Cuando leo la elevación de la concentración de CO2 en la atmósfera, pienso en la elevación del CO2 en el feto humano.

El CO2, producto de la combustión de la fuente de energía utilizada por el feto, es eliminado a través de la sangre venosa.

Las venas son estructuras de casi sin elasticidad. Por este motivo, su compresión impide que la sangre no fluya y/o invierta el sentido de su circulación provocando dos hechos: la hemorragia venosa y la intoxicación celular por el CO2. Este proceso se denomina asfixia, que acarrea la lesión del tejido correspondiente.

Durante el proceso del parto siempre se produce asfixia, en mayor o menor grado (intensidad y extensión). La apreciación de las lesiones depende de la sensibilidad y especificidad del medio utilizado para su diagnóstico.
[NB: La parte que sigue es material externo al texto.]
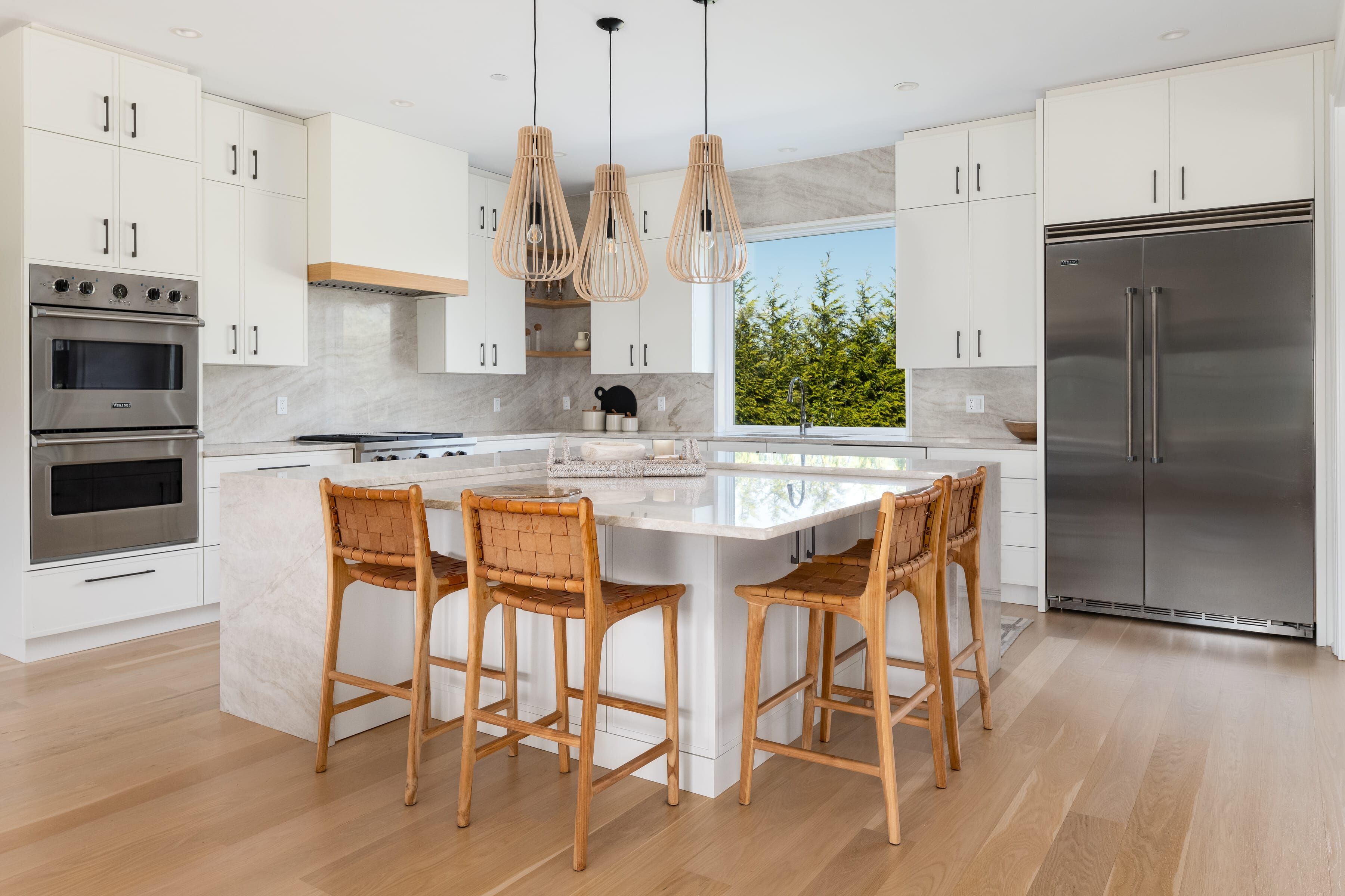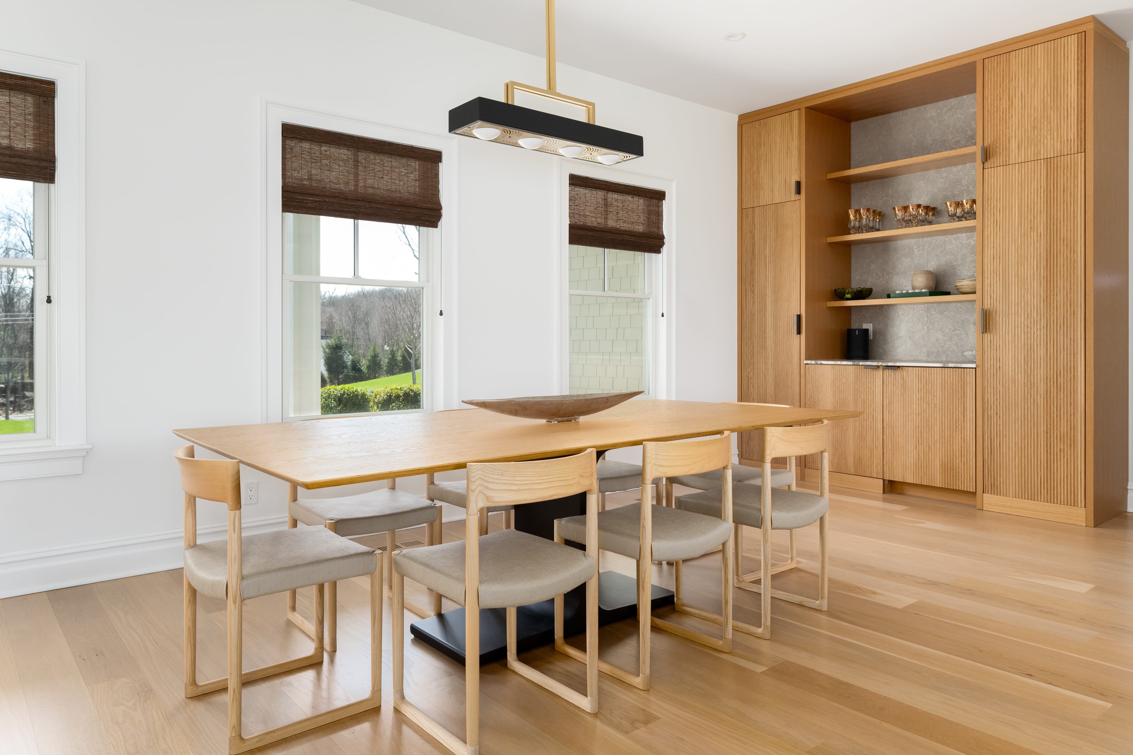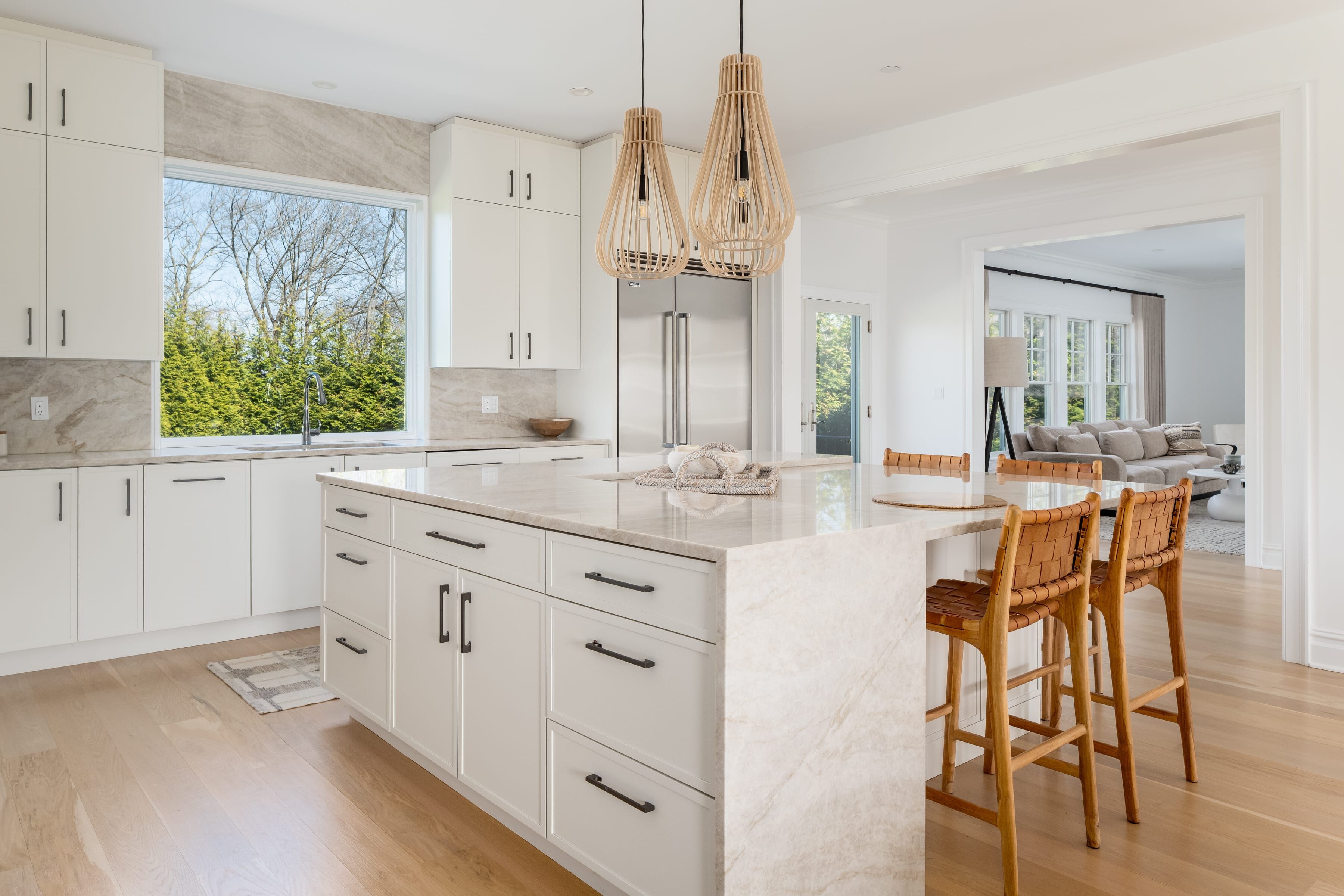 Perched atop 1.22 private, flat acres, 38 Buckout Road is a custom-built 2021 residence thoughtfully upgraded with exceptional craftsmanship and refined design. This sun-drenched 4-bedroom, 3 full and 2 half bath home offers a seamless blend of modern sophistication and everyday comfort. The first floor features 9-foot ceilings and a bright, open-concept layout designed for effortless living and entertaining. At the center is a beautifully customized REIMER kitchen with floor-to-ceiling cabinetry, expansive windows, and a striking waterfall-edge island. Warm white oak accents and thoughtfully integrated storage create a clean, elevated space that is both functional and refined. The first floor also boasts a formal living room with a bay window, a private office with custom built-ins, and a designer powder room featuring Phillip Jeffries wallpaper. A spacious family room just off the kitchen is anchored by a dramatic marble surround, creating a warm and inviting gathering space.Upstairs features three spacious bedrooms and two beautifully designed bathrooms. The primary suite is filled with natural light and offers generous closet space along with a large, spa-like bath. A sizable laundry room and bonus room, ideal for a gym or flexible living space, complete the second floor. Not to be missed is the finished storage of an additional 660 square feetperfect for a playroom or recreation space. The expansive, level property offers exceptional privacy and endless potentialideal for outdoor entertaining, recreation, or the addition of a poolcreating a truly special setting for indoor-outdoor living.

La extensión de la asfixia depende de la vena comprometida.

Hoy he leído la tasa de recién nacidos muertos. Una cifra que produce enfado por cuanto que se está hablando de aborto sin el mínimo rubor moral por gente que no conoce nada, absolutamente nada, del hecho del cual habla.

La cifra es de 7.7 por cada 1000 nacimientos. Una cifra vergonzosa para unos políticos, o administradores de "lo público" que, por su hablar, manifiestan, necesariamente, ser expresión de asfixia encefálica, al menos cuando les concibieron, los nacieron, o los cuidaron durante los dos primeros meses de vida extra-uterina.
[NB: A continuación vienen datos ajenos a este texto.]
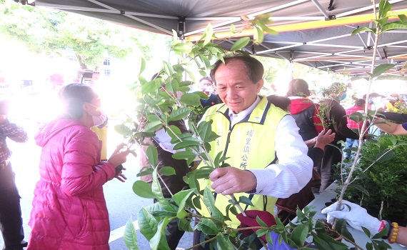 12日當天,鎮公所與台一種苗及南投縣政府合作,救國團埔里團委會協助下於上午10時鎮長廖志城在埔里鎮公所大門口發放一千多株苗木,樹苗種類有:金毛杜鵑、茶花、桂花、細葉仙丹及台一種苗場贊助提供七里香,每人以領取兩株為原則,民眾非常踴躍。(圖/記者石振賢攝.2024.03.12.)

Téngase en cuenta que las áreas de "pensamiento abstracto" son las más sensibles a la asfixia. Por este motivo no se puede pedir que razone a quien no está dotado de ese trabajo. Y, cuando no tiene este trabajo, sólo puede hablar de lo que ha oído, que no escuchado, pues para escuchar hay que tener la capacidad, o trabajo de atender. Y, para atender, hay que tener la capacidad, o trabajo de discernir, o estimar en cuanto se desvía respecto a una unidad de medida.